Top of SUPPLIED MATERIAL
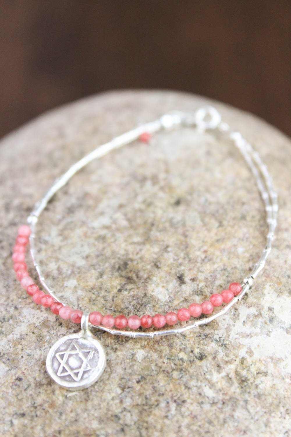 Estas delicadas y elegantes pulseras lucen preciosas tanto solas como combinadas. Hechos con un 98 % de plata pura de las tribus de las colinas, incluyen cuentas de cuarzo rosa multicolor y cuentan con un lindo dije de estrella de David de plata estampado a mano.
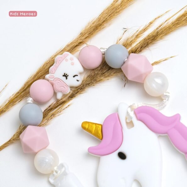 Color rosa con figuras de unicornio Fácil agarre Clip sujetador Silicona libre de BPA Múltiples texturas para aliviar la dentición y estimular el desarrollo sensorial Se puede hervir y congelar Es seguro para lavavajillas
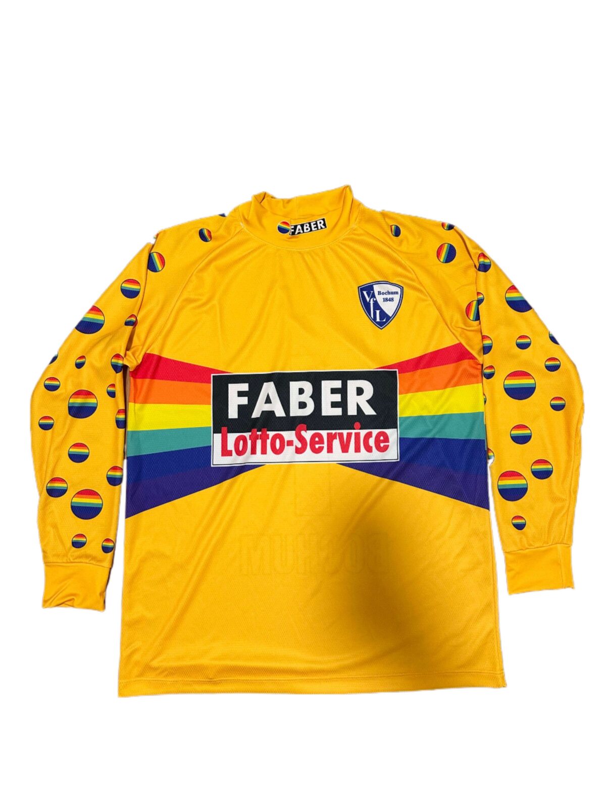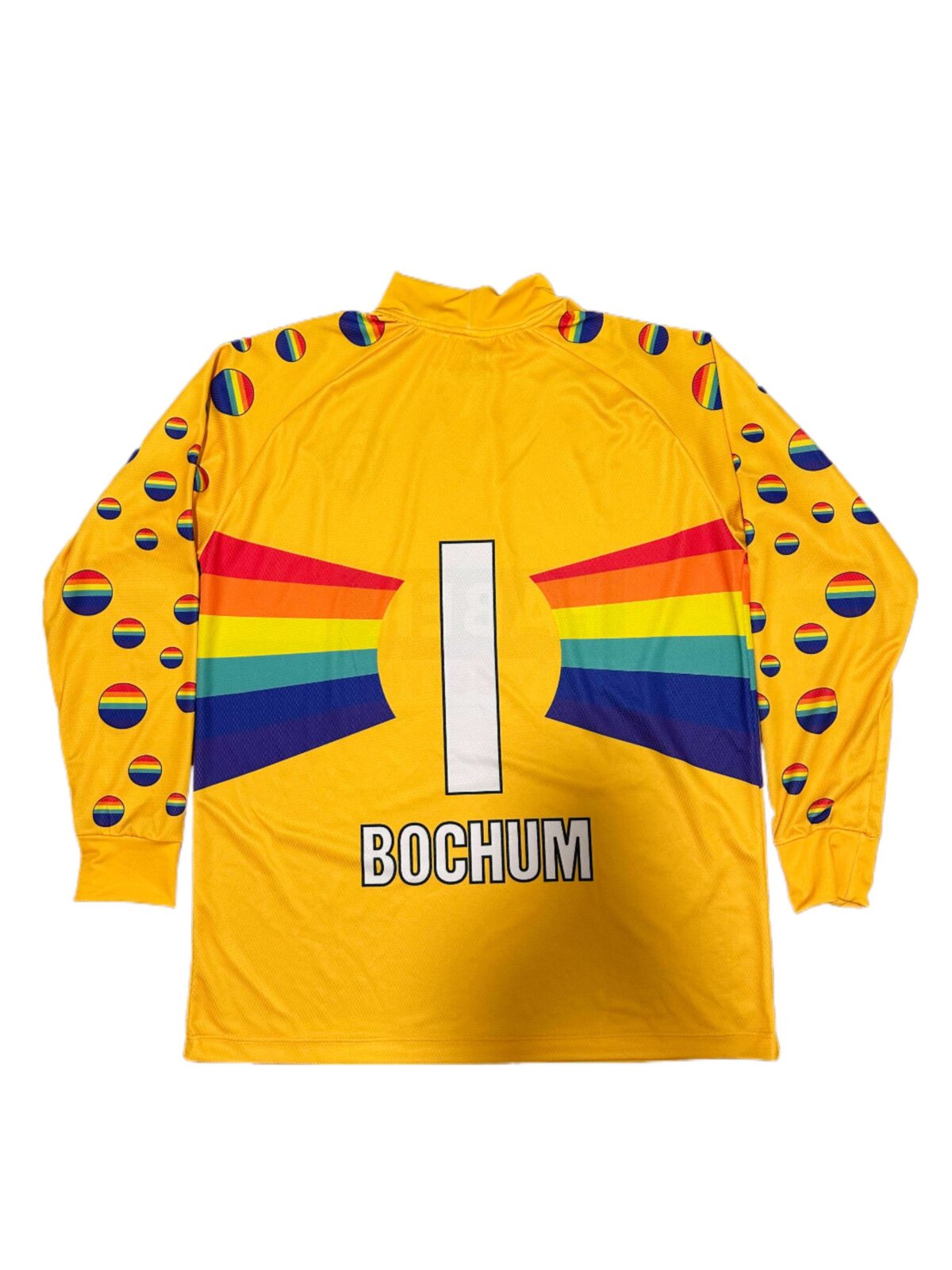 The VfL Bochum 1997/98 goalkeeper 3rd kit celebrates the expressive era of 90s football design. Bursting with bold colors and classic patterns, it captures the creative spirit of Bundesliga goalkeeping.
Bottom of SUPPLIED MATERIAL
## EXERCISE GOAL
Images are not wanted in the copy. Please print the material above exactly.

## RESPONSE AREA
 Estas delicadas y elegantes pulseras lucen preciosas tanto solas como combinadas. Hechos con un 98 % de plata pura de las tribus de las colinas, incluyen cuentas de cuarzo rosa multicolor y cuentan con un lindo dije de estrella de David de plata estampado a mano.
 Color rosa con figuras de unicornio Fácil agarre Clip sujetador Silicona libre de BPA Múltiples texturas para aliviar la dentición y estimular el desarrollo sensorial Se puede hervir y congelar Es seguro para lavavajillas
 The VfL Bochum 1997/98 goalkeeper 3rd kit celebrates the expressive era of 90s football design. Bursting with bold colors and classic patterns, it captures the creative spirit of Bundesliga goalkeeping.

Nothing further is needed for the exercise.